The Department’s new feedback statement contains a summary of the responses received to consultation questions posed in the roadmap as well as a ‘strawman’ proposal, a hypothetical example for how a participation exemption for foreign dividends might work in Ireland. The Department has opened a consultation until 8 May in respect of that example, clarifying that the proposal “does not purport to be a full realisation of a participation exemption for foreign dividends” but merely “approaches to key building blocks”. It said that once policy decisions have been made on those elements, work can commence on “the finer details” of the exemption regime, with further consultation on that planned.

Dever said that while the proposal being consulted on “cannot be relied upon as an indication of the final measure that will be ultimately introduced”, there are elements of it that “are positive in terms of ensuring that the participation exemption has the desired effect of improving further Ireland’s competitiveness on the global stage”.

In this regard, Dever said that businesses would welcome the fact that the Department’s plans for the full amount of the dividend to be in scope of the exemption as well as the option to choose between electing into the new exemption regime or relying on the existing double tax relief regime in respect of foreign dividends received.

The Department said that the introduction of a participation exemption for foreign dividends “should allow for a significant administrative simplification for companies, as compared to the current system of double tax relief”. It said, though, that while the double tax relief system is “complex”, it is relief that is “effective” and which many taxpayers are “familiar with”. As a result, it said it accepts that some taxpayers “may wish to continue to use this form of relief”.

To accommodate this, it said one possible approach would be for the double tax relief regime to “remain the default mechanism for relief” in respect of foreign dividends but for companies to “have the option to elect in to a participation exemption for a minimum period”. It has suggested that period could be for three years.

Dever also said it is also welcome that the Department does not appear to be planning to restrict the exemption to dividends derived from trading profits.

The proposal is to apply the exemption to “foreign dividends and other types of distributions that represent income from shares or from other rights, not being debt claims, to participate in a company’s profits”. According to the feedback statement, it is envisaged that this will constitute income from other corporate rights which is subjected to the same tax treatment as income from shares by the laws of the state of which the company making the distribution is resident but will not cover capital distributions which could arise, for example, upon the winding up or dissolution of a company.

Dever further welcomed the qualifying criteria suggested for the new exemption, which would require that companies control at least 5% of the ordinary share capital for an uninterrupted period of 12 months up to and including the date of the dividend, which Irish businesses will be familiar with in the context of other tax reliefs, such as the substantial shareholding exemption that already exists under Ireland’s capital gains tax regime.

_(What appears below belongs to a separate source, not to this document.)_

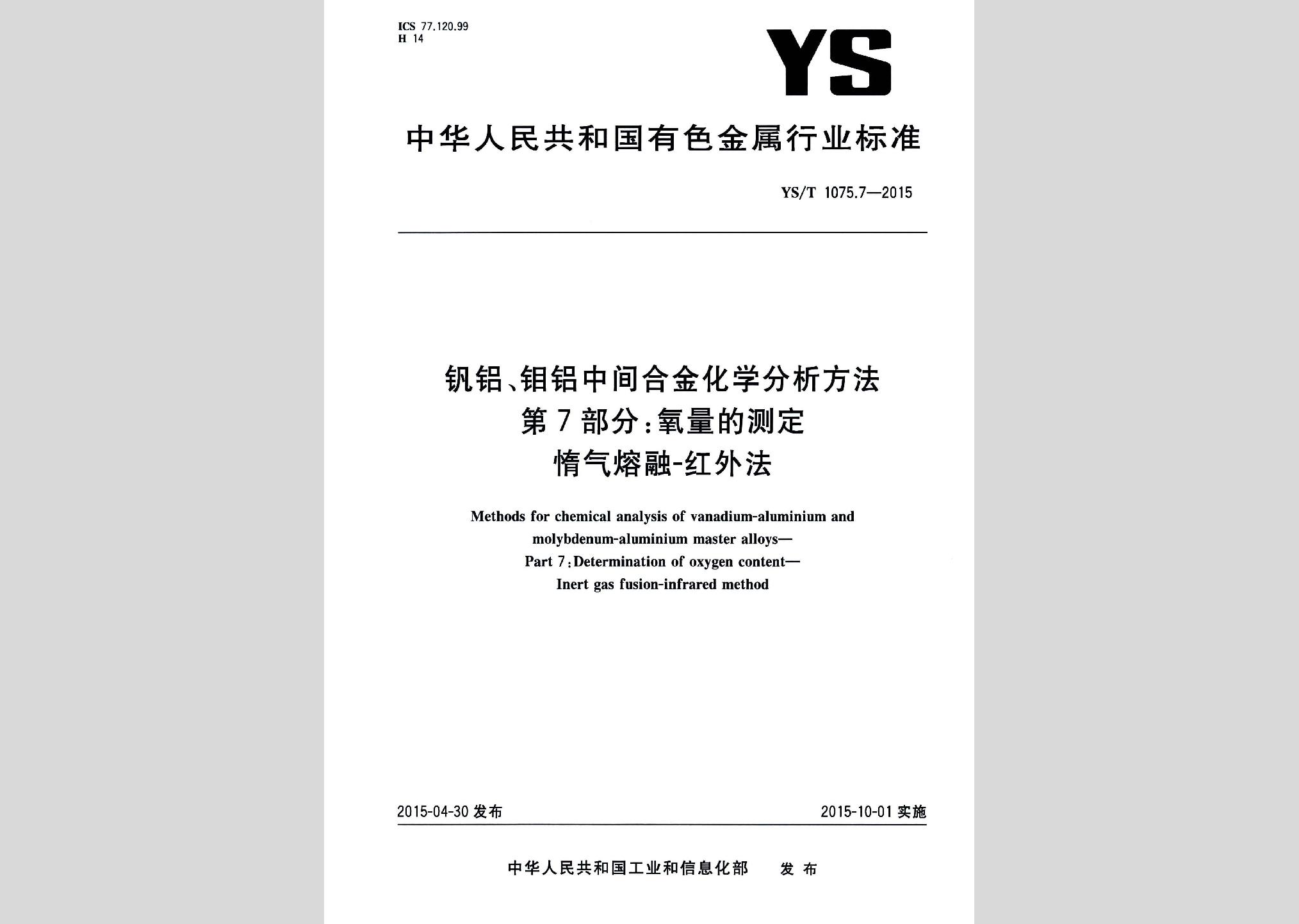 YS/T1075.7-2015:钒铝、钼铝中间合金化学分析方法第7部分:氧量的测定惰气熔融-红外法现行

It is also proposed in the feedback statement that dividends in respect of newly acquired participations should also qualify for the exemption provided the shares are subsequently held for a period of up to 12 months after the date of the dividend.

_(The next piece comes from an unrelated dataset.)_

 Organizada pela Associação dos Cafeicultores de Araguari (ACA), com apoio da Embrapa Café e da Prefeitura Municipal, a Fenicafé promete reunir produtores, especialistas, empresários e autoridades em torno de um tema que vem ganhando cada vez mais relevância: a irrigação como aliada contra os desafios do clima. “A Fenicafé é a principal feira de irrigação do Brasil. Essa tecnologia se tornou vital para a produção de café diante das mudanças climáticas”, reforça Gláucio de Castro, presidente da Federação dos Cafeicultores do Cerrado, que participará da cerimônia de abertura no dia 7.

In the feedback statement, the Department does not elaborate on the potential introduction of a complementary exemption for foreign branch profits so it remains to be seen whether such an exemption will be enacted alongside the foreign dividends equivalent this year.

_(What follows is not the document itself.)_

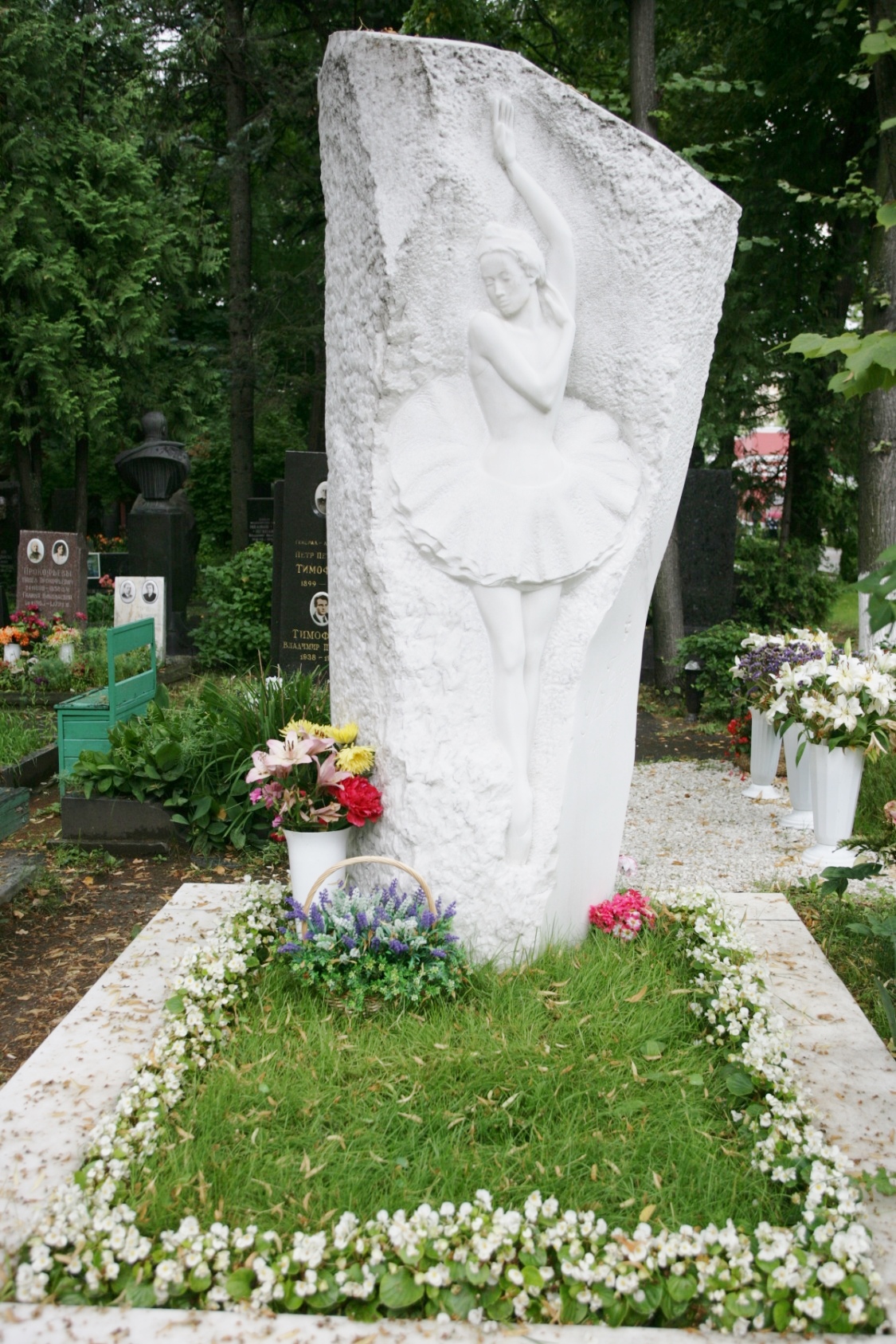 突然一座造型独特摆满鲜花的陵墓吸引了我,张建告诉我墓碑上写着:功勋舞蹈艺术家——乌兰诺娃。我的眼前浮现起那只清丽绝艳的“白天鹅”。那是我看过的最美的芭蕾舞,高贵典雅的气质,近乎绝唱的舞姿,那份脱俗,那份哀怨,让人怜惜的心都发抖。

Following the close of the consultation period in May, it is expected that a second feedback statement containing the draft legislative approaches to implement the exemption in respect of foreign dividends will be released by the Department in mid-2024 ahead of the publication of the Finance Bill 2024, which is anticipated in October and to then be signed into law before the end of the year.  The new exemption would then come into effect on 1 January 2025.